I recommend no additional changes to the no_proxy definition.

Yes awf2130 = ouruni. What showed that the user would not be able to run on cryoem9? I can add that to the 1002 group. Here is the actual user for full context:

[awf2130@cryoem8 cryosparc_master]$ id
uid=485959(awf2130) gid=500(user) groups=500(user),46004(habazi)
[awf2130@cryoem8 cryosparc_master]$ ssh awf2130@cryoem9 "id && uname -a"
uid=485959(awf2130) gid=500(awf2130) groups=500(awf2130) context=unconfined_u:unconfined_r:unconfined_t:s0-s0:c0.c1023
Linux sn4622115580 3.10.0-1160.83.1.el7.x86_64 #1 SMP Wed Jan 25 16:41:43 UTC 2023 x86_64 x86_64 x86_64 GNU/Linux

I was missing confirmation that the fictional ouruni user owns the project directory, which you just provided

  1. Is the directory
    /home/workstation/Zuker/CS-zuker/J2056 also owned by awf2130?
  2. Please can you post the output of the command
ls -al /home/workstation/Zuker/CS-zuker/J2056/
  1. In get_scheduler_targets() output, is the ssh_str now awf2130@cryoem9.ourdomain.edu for the cryoem9 worker? It is above shown as exx@cryoem9.ourdomain.edu.

It’s not /home it’s /engram and yes owned by awf2130:

ls -al  /engram/workstation/Zuker/CS-zuker/J2056
total 752
drwxrwx---    3 awf2130 user   109 Dec  3 19:20 .
drwxrwx--- 2281 awf2130 exx  60322 Dec  5 21:02 ..
-rwxrwx---    1 awf2130 user    18 Dec  3 19:20 events.bson
drwxrwx---    2 awf2130 user     0 Dec  3 19:20 gridfs_data
-rwxrwx---    1 awf2130 user 23357 Dec  3 19:20 job.json
-rwxrwx---    1 awf2130 user 22008 Dec  3 19:20 job.log

Yes I was going to use the exx user but all the installations on the other workers and master were by awf2130. That did not exist in cryoem9, so I created it, used the same UID/GID and installed the worker there under awf2130

Thanks @RobK. Please can you describe what is currently not (yet) working as expected?

Well, I thought having a worker be version 4.6.2 and master being 4.6.0 was causing this issue with jobs not running but the issue persists. What other debug can I provide?

The job/log shows:

Unable to forward this request at this time. This request could not be forwarded to the origin server or to any parent caches. Some possible problems are: Internet connection needed to access this domains origin servers may be down.  All configured parent caches may be currently unreachable.  The administrator may not allow this cache to make direct connections to origin servers.

cryosparc_tools.cryosparc.errors.CommandError: *** (http://cryoem8.ouruni.edu:39002, code 500) Encounted error from JSONRPC function "system.describe" with params ()

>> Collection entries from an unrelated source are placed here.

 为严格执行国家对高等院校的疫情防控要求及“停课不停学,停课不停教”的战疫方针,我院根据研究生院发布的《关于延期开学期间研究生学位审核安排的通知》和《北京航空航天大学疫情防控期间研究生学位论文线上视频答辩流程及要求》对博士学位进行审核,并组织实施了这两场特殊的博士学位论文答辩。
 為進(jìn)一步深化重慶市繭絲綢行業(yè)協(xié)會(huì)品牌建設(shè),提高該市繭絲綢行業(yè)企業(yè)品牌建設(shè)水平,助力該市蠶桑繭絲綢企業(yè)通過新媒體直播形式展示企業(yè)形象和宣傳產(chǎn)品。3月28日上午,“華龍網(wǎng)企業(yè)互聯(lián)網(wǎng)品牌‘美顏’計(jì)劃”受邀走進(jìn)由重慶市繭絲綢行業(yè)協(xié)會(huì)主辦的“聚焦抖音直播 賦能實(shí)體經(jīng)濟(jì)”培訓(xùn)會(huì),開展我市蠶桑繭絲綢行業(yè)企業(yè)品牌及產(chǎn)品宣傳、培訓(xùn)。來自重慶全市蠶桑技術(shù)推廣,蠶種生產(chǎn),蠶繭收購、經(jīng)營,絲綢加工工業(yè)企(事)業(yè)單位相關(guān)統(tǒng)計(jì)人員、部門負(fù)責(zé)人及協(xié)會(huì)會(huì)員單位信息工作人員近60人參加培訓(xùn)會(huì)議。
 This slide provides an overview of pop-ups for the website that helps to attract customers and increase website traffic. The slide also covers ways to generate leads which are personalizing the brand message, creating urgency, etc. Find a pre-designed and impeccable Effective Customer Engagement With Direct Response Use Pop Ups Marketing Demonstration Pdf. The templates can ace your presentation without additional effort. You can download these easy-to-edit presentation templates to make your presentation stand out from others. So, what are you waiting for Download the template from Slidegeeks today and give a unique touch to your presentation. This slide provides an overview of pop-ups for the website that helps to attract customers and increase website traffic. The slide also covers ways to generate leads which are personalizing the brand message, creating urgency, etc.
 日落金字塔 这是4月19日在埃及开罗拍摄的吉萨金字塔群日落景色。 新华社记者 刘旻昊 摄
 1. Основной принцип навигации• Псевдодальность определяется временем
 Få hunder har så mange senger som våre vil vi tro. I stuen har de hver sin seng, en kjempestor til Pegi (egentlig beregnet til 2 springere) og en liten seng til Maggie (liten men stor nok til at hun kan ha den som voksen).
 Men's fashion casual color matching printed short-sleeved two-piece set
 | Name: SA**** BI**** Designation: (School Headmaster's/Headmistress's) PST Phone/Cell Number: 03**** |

Could that job have been started on on a worker node that did not have necessary no_proxy setting? On that particular worker node, what is the output of the commands

uname -a
/path/to/cryosparc_worker/bin/cryosparcw call curl http://cryoem8.ouruni.edu:39002
/path/to/cryosparc_worker/bin/cryosparcw env | grep -i proxy

Well I thought I set it via the export command. I’ll add it to config.sh and use the --update option.

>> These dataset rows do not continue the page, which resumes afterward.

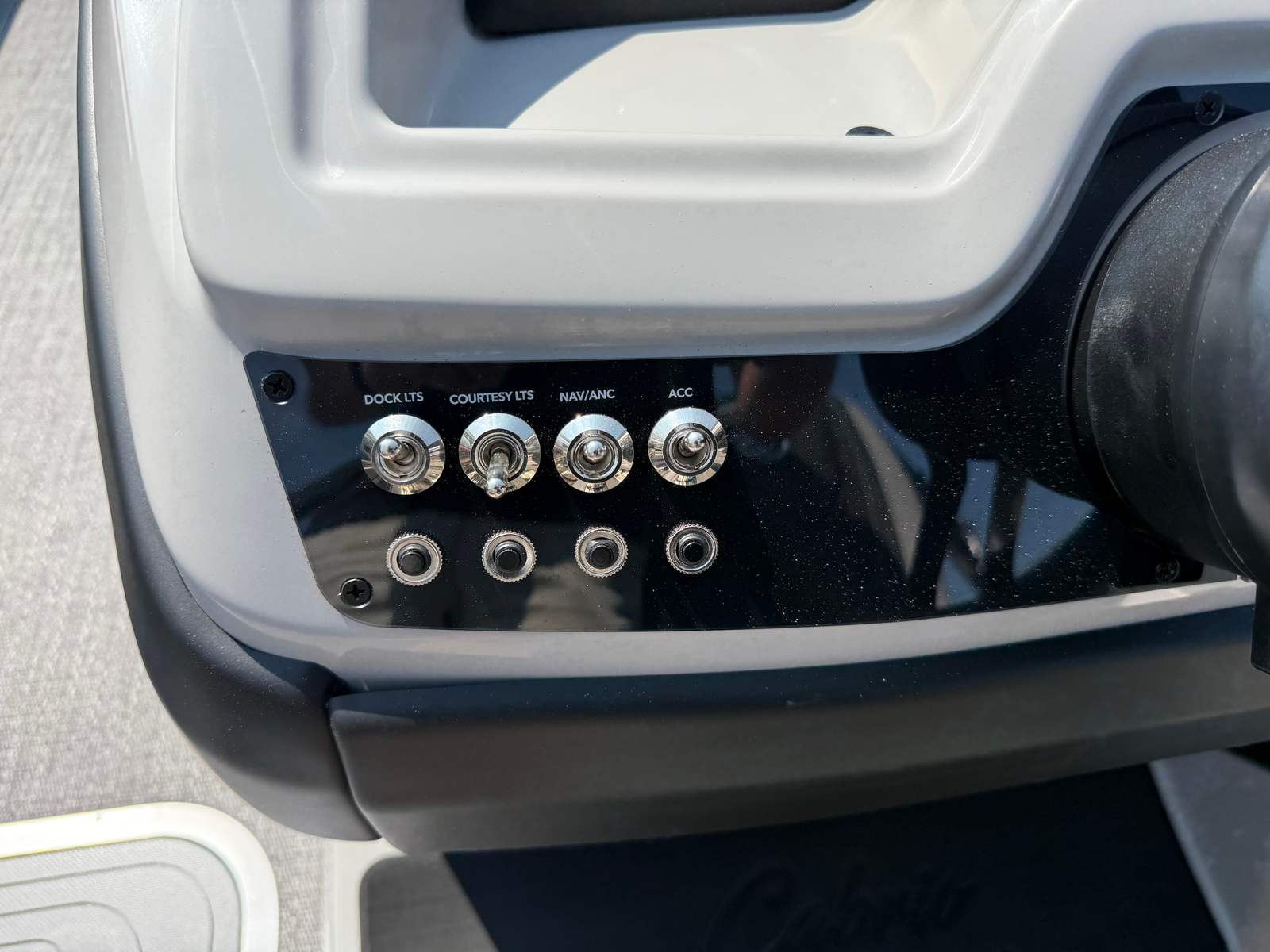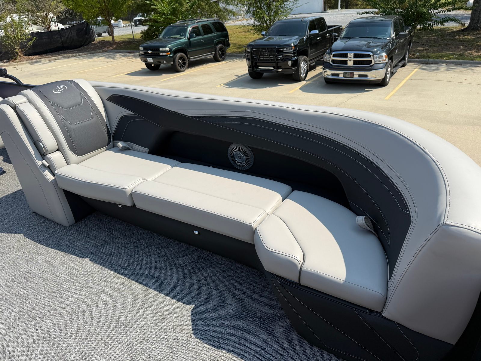 Step aboard and discover a world of comfort and convenience. The Marquesan Gray furniture with Onyx accents creates a luxurious and inviting atmosphere, perfect for relaxing with family and friends. The Amore Gray flooring is both stylish and practical, offering a soft underfoot feel and easy maintenance. The triple toon package with midship storage not only enhances performance but also provides valuable space for storing gear, water toys, and essentials, keeping your deck clutter-free and organized.The onboard battery charger with two batteries ensures you have reliable power for all your electronics and accessories, so you can enjoy extended days on the water without worry. The Blackout Package Cabrio adds a sleek, modern touch to the boat’s exterior, while the railskin color and accent combination make a bold statement. Every detail of the Cabrio C24UC is designed to elevate your boating experience, from the premium materials to the thoughtful layout.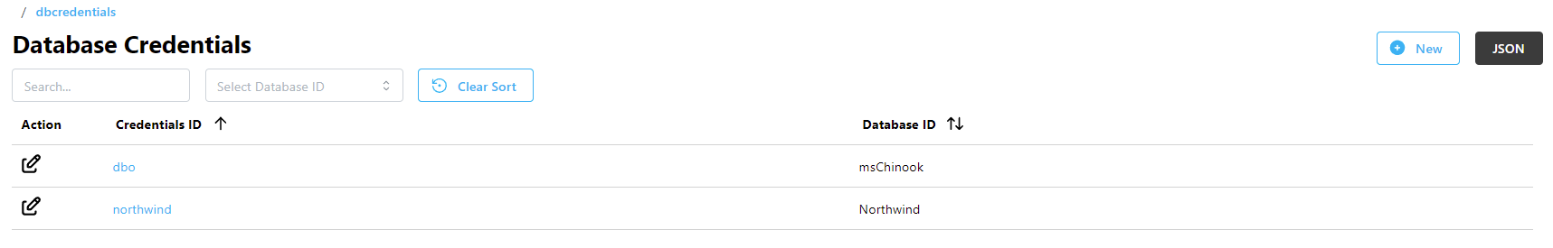 The Database Credentials page provides a list of all credentials that are configured in SlashDB.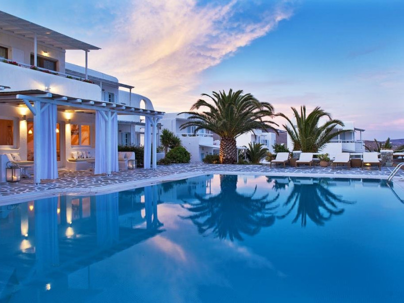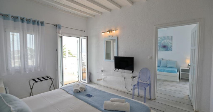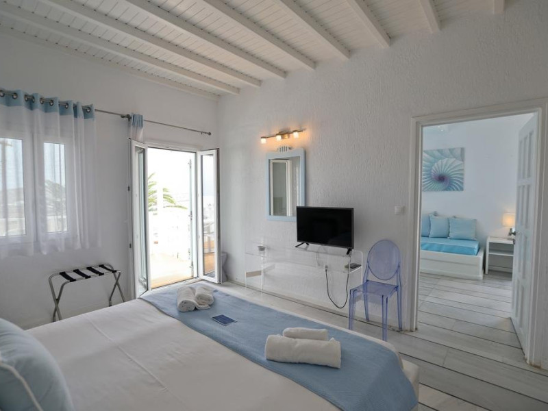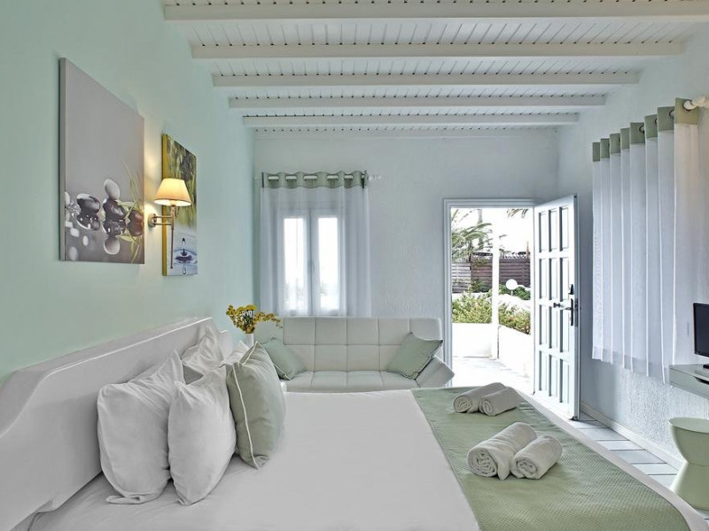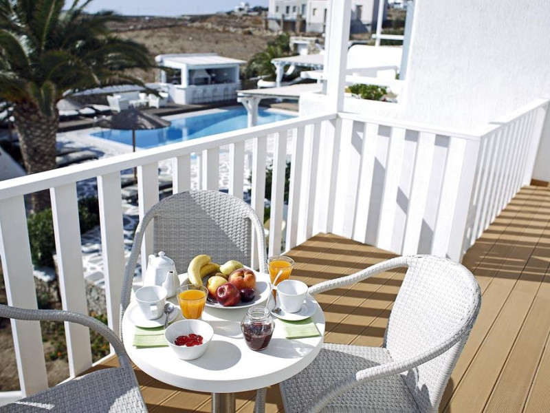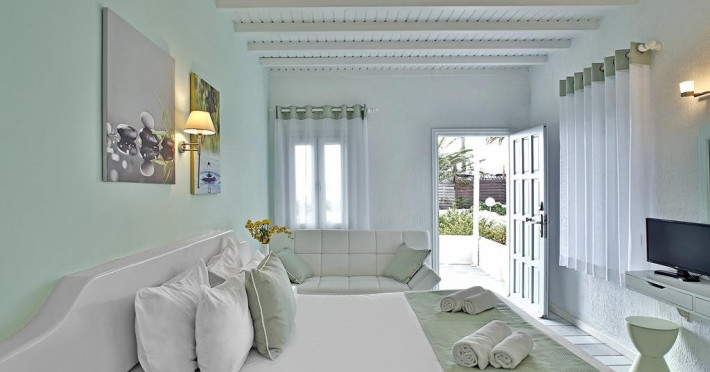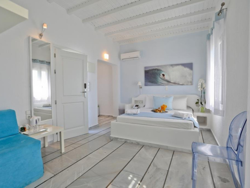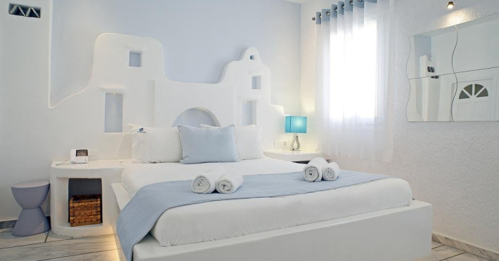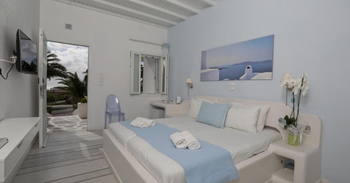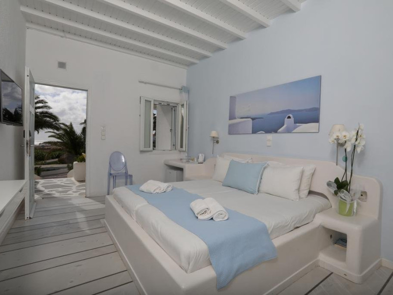 Descriere: hotel renovat recent foarte aproape de cel mai lunga plaja a insulei in Kalafati, una din cele mai calme si relaxante statiuni din Mykonos Localizare: in apropierea plajei din Kalafati, la 12 km de capitala insulei, Mykonos Town si la 16 km de aeroport. In apropierea hotelului se afla o statie de autobuz pentru accesul facil catre alte zone ale insulei Facilitati hotel: hotelul Anemoessa ofera oaspetilor sai piscina, bar la piscina, 2 restaurante, bar, salon TV, internet wireless gratuit, sala jocuri, baby-sitter, parcare, inchirieri auto, biserica Facilitati camere: hotelul Anemoessa are urmatoarele tipuri de camere: standard, superior si suite. Camerele dispun de baie cu dus, aer conditionat, minibar, TV satelit, telefon, accesorii pentru toaleta, uscator de par, papuci, balcon sau terasa cu vedere la mare Plaja: de nisip la aproximativ 150m de hotel, sezlonguri si umbrele contra cost, posibilitate pentru sporturi nautice. Website: www.anemoessa.com

When I log in the variable is definitely not set:

 ./cryosparcw call curl http://cryoem8.ourdomain.edu:39002

<html><head>
<meta type="copyright" content="Copyright (C) 1996-2017 The Squid Software Foundation and contributors">
<meta http-equiv="Content-Type" content="text/html; charset=utf-8">
<title>ERROR: The requested URL could not be retrieved</title>
[snip...]

After running:

export no_proxy=localhost,::1,127.0.0.1,${CRYOSPARC_MASTER_HOSTNAME},.ourdomain.edu

$ ./cryosparcw call curl http://cryoem8.ourdomain.edu:39002
Hello World from cryosparc command core.

If you are referring to cryosparcw connect --update:
Another run of cryosparcw connect [..] --update should not be needed if you only changed
the contents of cryosparc_worker/config.sh and there were no other changes, such as a changed absolute path to the cryosparc_worker/ directory.